Quantifying the 3D structure and function of porosity and pore space in natural sediment flocs

Purpose Flocculated cohesive suspended sediments (flocs) play an important role in all aquatic environments, facilitating the transport and deposition of sediment and associated contaminants with consequences for aquatic health, material fluxes, and morphological evolution. Accurate modelling of the transport and behaviour of these sediments is critical for a variety of activities including fisheries, aquaculture, shipping, and waste and pollution management and this requires accurate measurement of the physical properties of flocs including porosity. Methods Despite the importance of understanding floc porosity, measurement approaches are indirect or inferential. Here, using mu CT, a novel processing and analysis protocol, we directly quantify porosity in natural sediment flocs.

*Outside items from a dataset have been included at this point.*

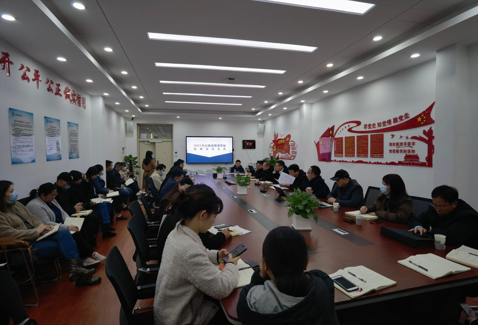 11月8日下午,后勤保障部在后勤106会议室开展2021年贯标内审末次会议。后勤保障部全体部级干部、各单位负责人、各中心贯标分管领导、内审审核组成员参加了此次会议。会议由后勤保障部副部长兼贯标管理者代表刘清华主持。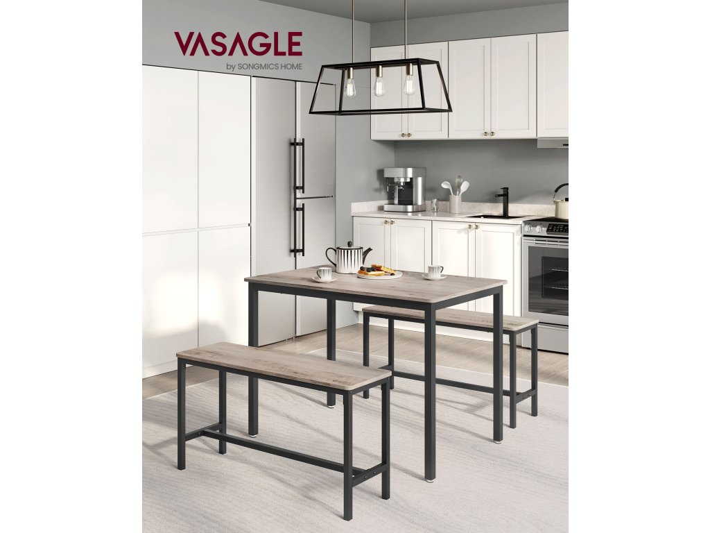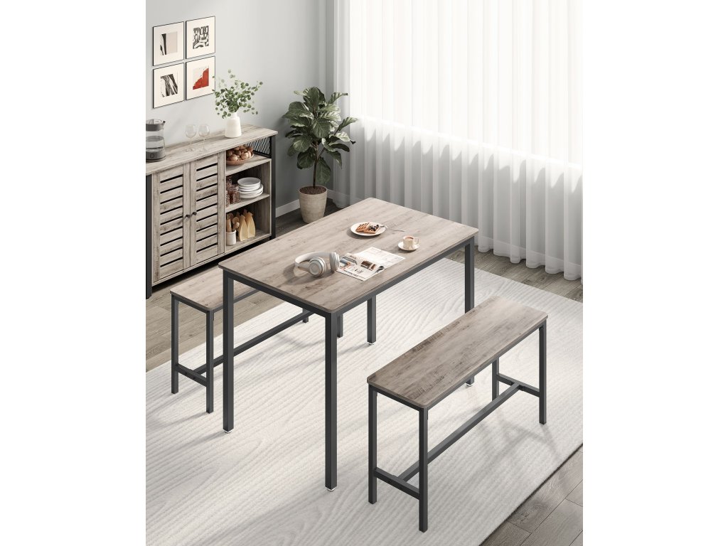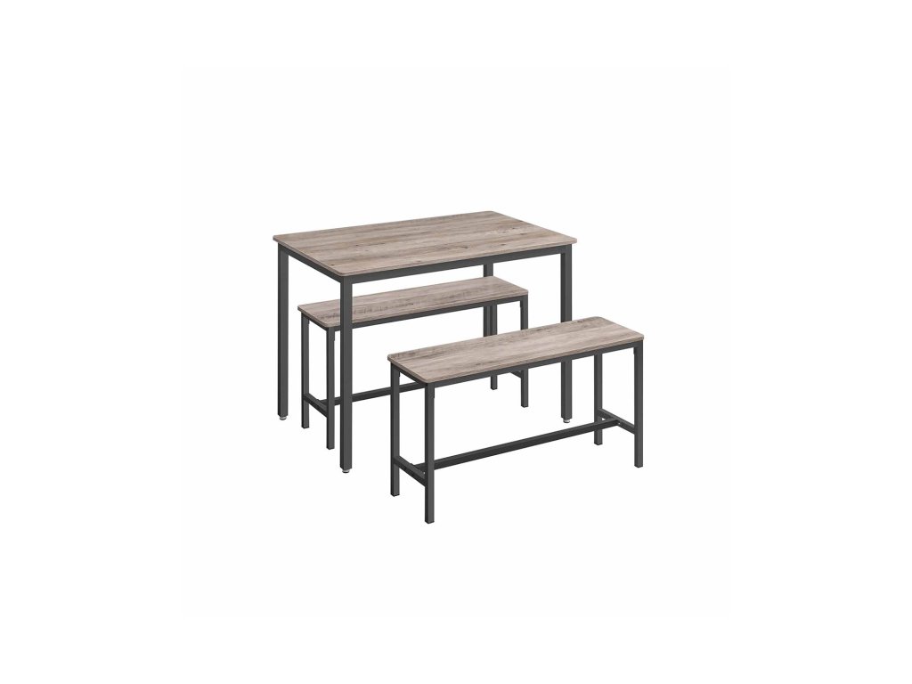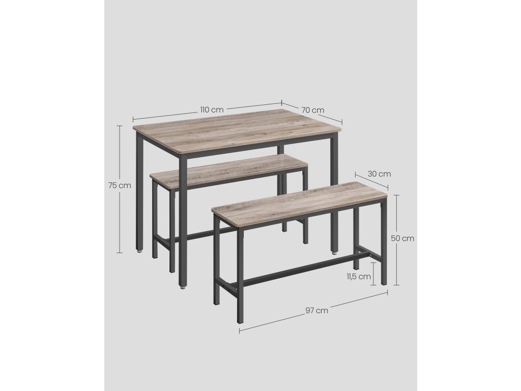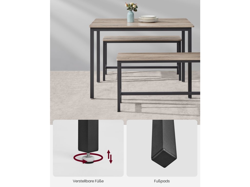 Jídelní set pro 4 osoby Tento jídelní set se skládá ze stolu o rozměrech 70 x 110 cm a 2 lavic a je ideální pro rodinnou večeři, rychlou snídani nebo posezení s přáteli.Úspora místa Dvě lavice o výšce 50 cm lze po jídle uložit pod jídelní stůl o výšce 75 cm, takže tento jídelní set je ideálním řešením pro malé prostory, abyste měli pořádek.Elegantní průmyslový design Kombinace béžové skvrnité a inkoustově černé barvy vytváří industriální styl. Tato sedací souprava dodá vaší jídelně, kuchyni nebo obývacímu pokoji nádech moderního života.Pevný a odolný Ocelové rámy zajišťují vysokou stabilitu a povrchy z dřevotřísky jsou odolné a snadno se čistí - tato sada kuchyňských stolů je určena pro každodenní stolování.Montáž bez starostí Žádná složitá montáž. Díky jasnému návodu, označeným dílům a přiloženému montážnímu nářadí sestavíte tento jídelní set s lavicí během chvilky.| Kategorie: | Jídelní stoly |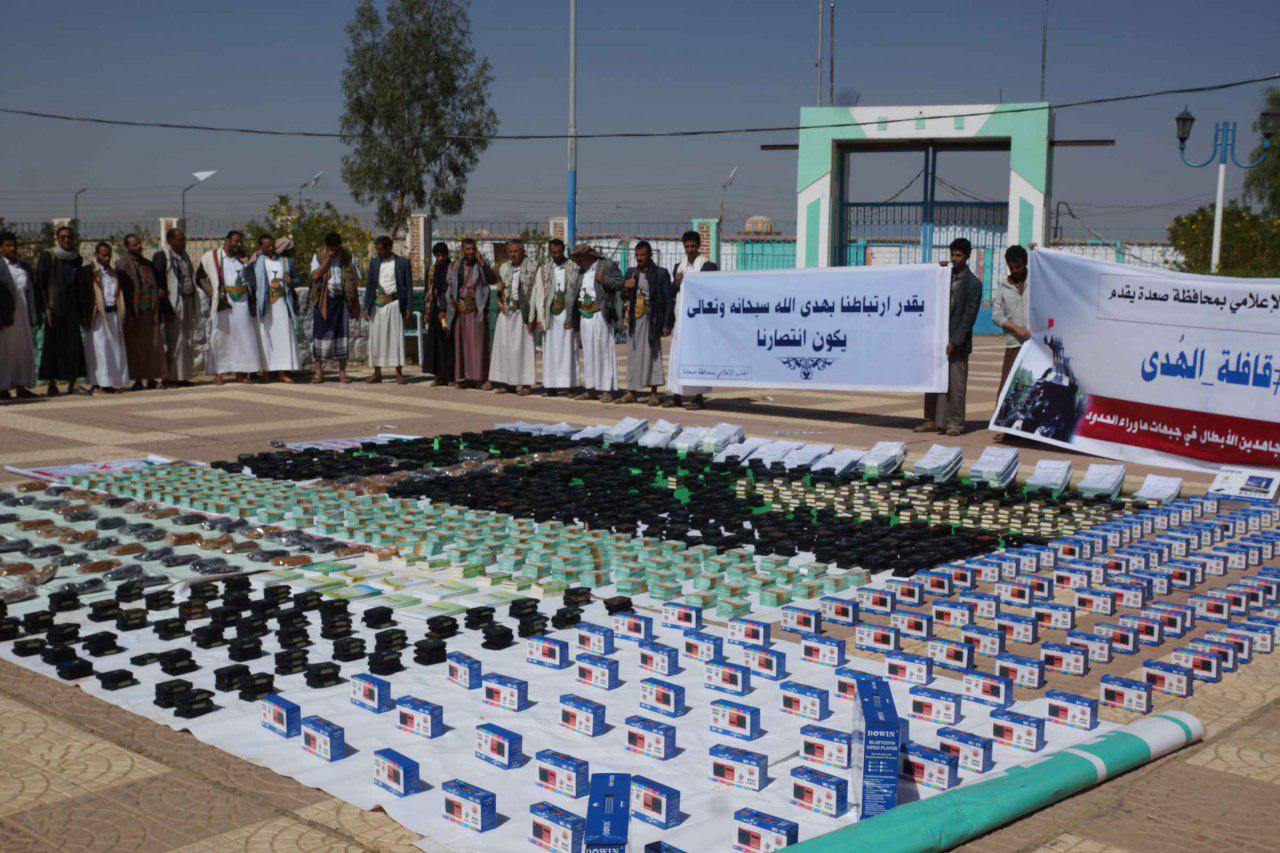 قدم الجانب الإعلامي بمحافظة صعدة، اليوم الثلاثاء ، قافلة الهدى إسناداً للمرابطين في جبهات ما وراء الحدود من الجيش واللجان الشعبية وتزامنا مع حلول العام الرابع للعدوان السعودي الأمريكي .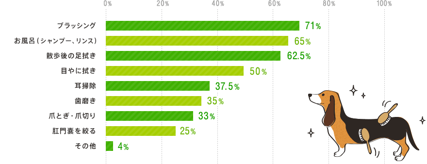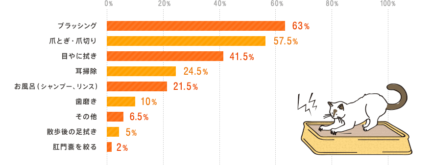 ペットのお手入れの様子を詳しく聞いてみると、みなさん毎日丁寧にケアしてあげていることがわかります。愛犬・愛猫ともに最も多かったのが「ブラッシング」。ブラッシングでノミやダニの予防をしながら、太りすぎていないか、いつもと違うところはないかなど体調管理も行っているようです。また、ブラッシングはスキンシップやコミュニケーションにもつながります。その他、愛犬のお手入れとしては、「お風呂(シャンプー、リンス)」(65.0%)や「散歩後の足拭き」(62.5%)など衛生面のケア、愛猫のお手入れとしては「爪とぎ」(57.5%)といった猫特有のケアが上位に入っています。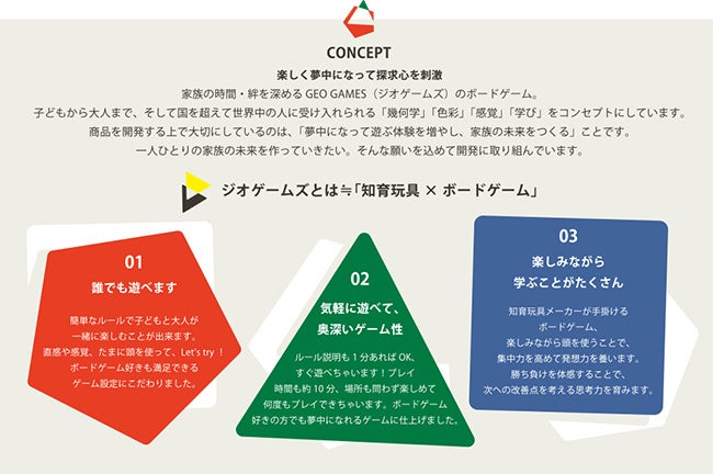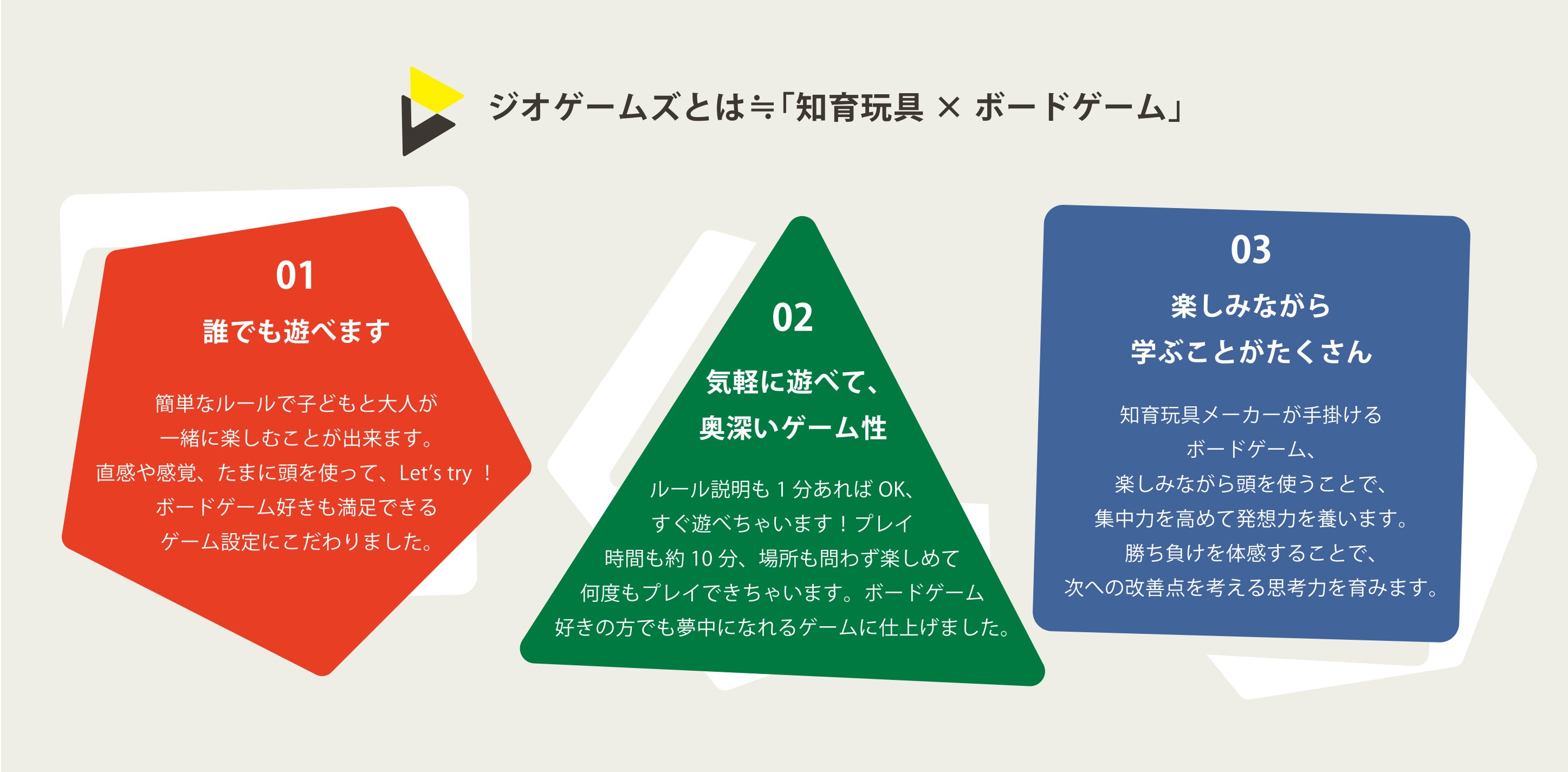 ボードゲーム×知育玩具をコンセプトに、子どもから大人まで、ファミリーからボードゲーム好きの大人まで楽しめる作品を5タイトルリリースします。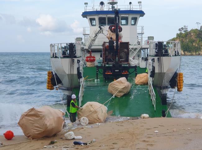 이날 옹진청정호는 오전 6시에 현장에 도착해 집게차 등 장비들을 동원하여 2시간 반 동안 총 톤백마대 50여개 분량의 폐스티로폼, 폐플라스틱, 폐그물, 밧줄 등 다양한 해양폐기물 4.42톤의 해양폐기물을 수거했다.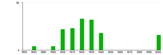 Существенный рост использования имени в Англии зафиксирован с начала 1900-х годов. Изменения демонстрирует следующий график.

For the first time, the complexity of floc pore spaces is observed in 3-dimensions, enabling the identification and quantification of important pore space and pore network characteristics, namely 3D pore diameter, volume, shape, tortuosity, and connectivity. Results We report on the complexity of floc pore space and differentiate effective and isolated pore space enabling new understanding of the hydraulic functioning of floc porosity. We demonstrate that current methodological approaches are overestimating floc porosity by c. 30%. Conclusion These new data have implications for our understanding of the controls on floc dynamics and the function of floc porosity and can improve the parameterisation of current cohesive sediment transport models.

Automated summary

Flocculated cohesive suspended sediments (flocs) play a crucial role in aquatic environments, but accurate measurement of their physical properties, including porosity, is challenging. In this study, a novel processing and analysis protocol using μCT was employed to directly quantify porosity in natural sediment flocs. The results revealed the complexity of floc pore space and identified effective and isolated pore spaces, providing new insights into the hydraulic functioning of floc porosity. Current methodological approaches were found to overestimate floc porosity by approximately 30%.